1. Wash off your mushrooms and pop out (or cut out, as sometimes this is harder than it sounds) the stems. You will use both parts.
2. Chop the mushroom stems into fine pieces.
3. Brown and crumble the sausage. Remove the sausage to cool but don't clean out the pan.
4. Cook the onions and garlic for about two minutes over medium low heat in the sausage pan.
5. Deglaze the pan with wine, scraping up the good browned stuff and allow the liquid to evaporate.
6. Add the chopped mushroom stems and cook for two minutes. Add salt and pepper to taste. Set aside to cool.
7. In a bowl, combine cream cheese and egg yolk. Stir together with Parmesan cheese.
8. Add the cooled sausage and mushroom stems. Stir it all together and refrigerate for about 15 minutes or until it's firmed up a little.
9. Spoon the mixture into the cavity of each mushroom so that it goes about the top some.
10. Bake at 350 degrees for 15 to 25 minutes, or until golden brown.Allow to rest 10 minutes before serving.



French Onion Soup
  • 4 large onions, sliced
  • 2oz. slab of bacon cut into 1/2 inch cubes (If you can't find that, I just used cut bacon, about 6-8 strips. If you get the rind on, cut that off and fry that up too to put in the pot for flavor. And take it out later.)
  • Bouquet Garni (4 sprigs of Thyme, 4 sprigs of Rosemary, and 3 Bay Leaves tied together with twine or thread)
  • 4 cups chicken stock, make your own!!! or use the low sodium canned variety like I did because I'm not one who plans ahead very well when it comes to food inspiration
  • Salt, Pepper to taste
  • 1 baguette
  • 8oz. Gruyere or Swiss

Directions
1. Caramelize those bad boy onions until your house in so full of onion particles all your roommates are sniveling but it smells so sweet. Most importantly, use a NON non-stick pan and don't push them around too much. Let them get nice and evenly brown.
2. Meanwhile, cook up the bacon and rind in a frying pan until they are about half-cooked. Then save them on a plate. (When I did this recipe I just threw them in raw and they didn't get cooked. The flavor they added was nice, but it was sad to take them out and not eat them.)

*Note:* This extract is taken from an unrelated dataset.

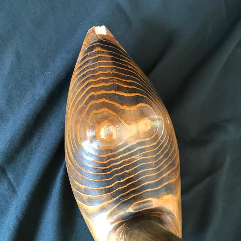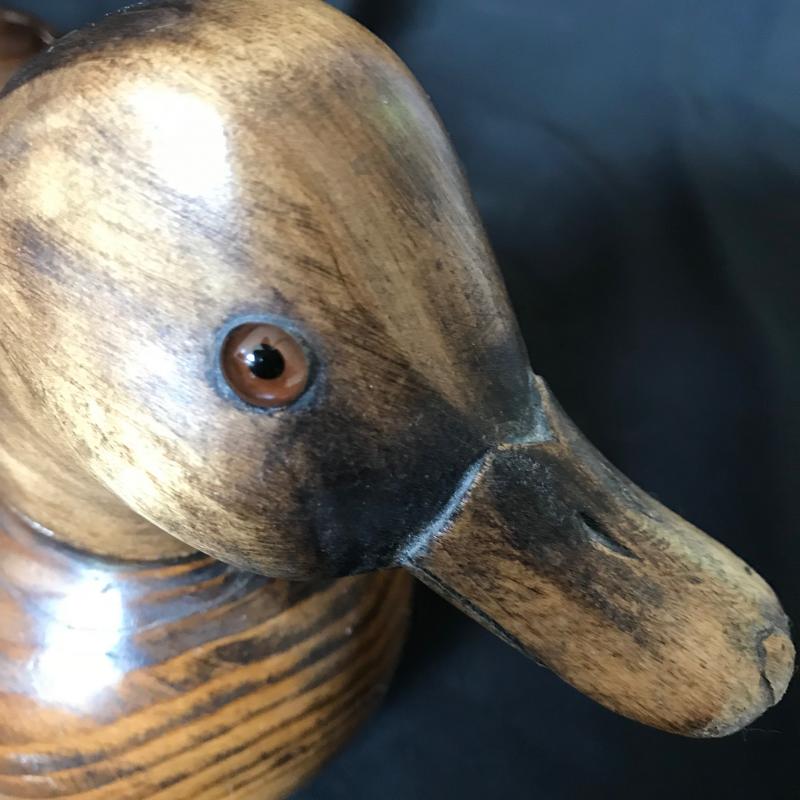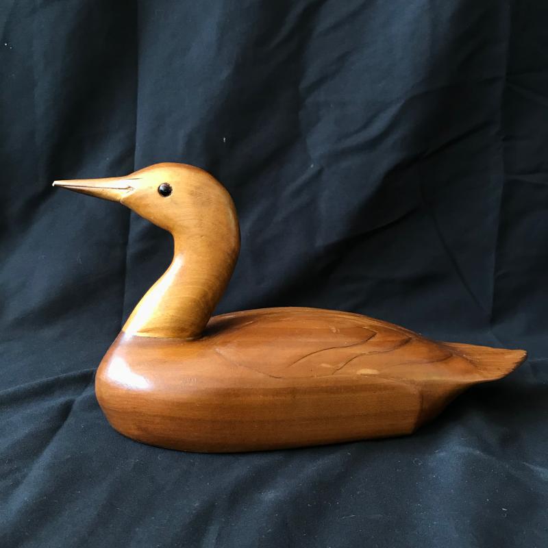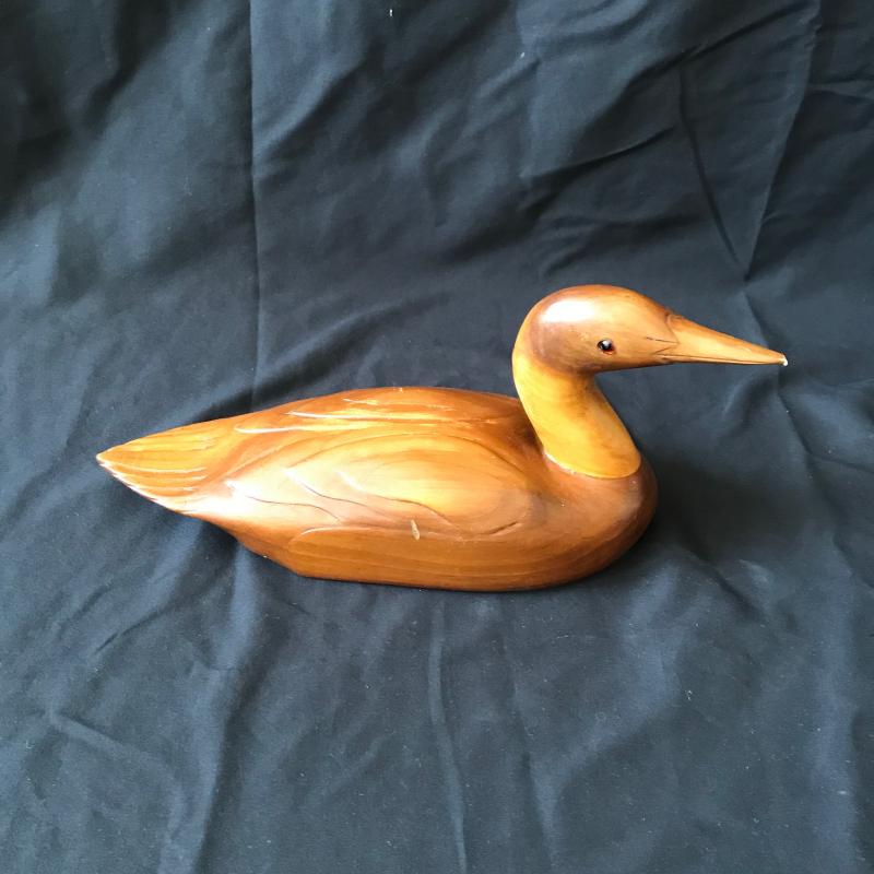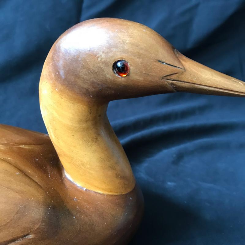 Two wooden duck decoys are signed and have glass eyes. One is signed by John Hyde in 1982 and has small chip on tail. Larger one is signed by Zen Lively and is approx. 13” long x 4” wide. See photos. Shipping available or local pickup in Hendersonville, NC.

3. If you have a glorious large dutch onion, you can carmelize your onions all in one pot, but if you are like me, you will transfer the onions to a bigger pot to commence with the soup. If you do this, be sure to pour a little stock into the onion pan to deglaze and get up all that brown goodness. They pour it all into the soup pot.
4. Add the rest of the stock, the bacon and the bouquet garni. Bring to a boil. Then, bring down to a simmer for about 40 minutes.
5. Meanwhile, cut your baguette into circles about 1/2 inch thick. Brush some olive oil on top and stick them in the oven until golden brown and a little crispy.
6. Shred the cheese, and remember don't skimp on the cheese - that melted goodness will treat you good.
7. Taste the soup every 10 minutes or so and starting after 20 minutes, you may slowly season with salt and pepper.
8. When the soup is done, pour servings into ovenproof bowls if you will use the broiler to melt the cheese, or into any old bowls if you will use a Creme Brulee torch. Place two bread circles on the soup and cover with shredded cheese. Broil or torch until it bubbles and turns a nice golden brown in spots.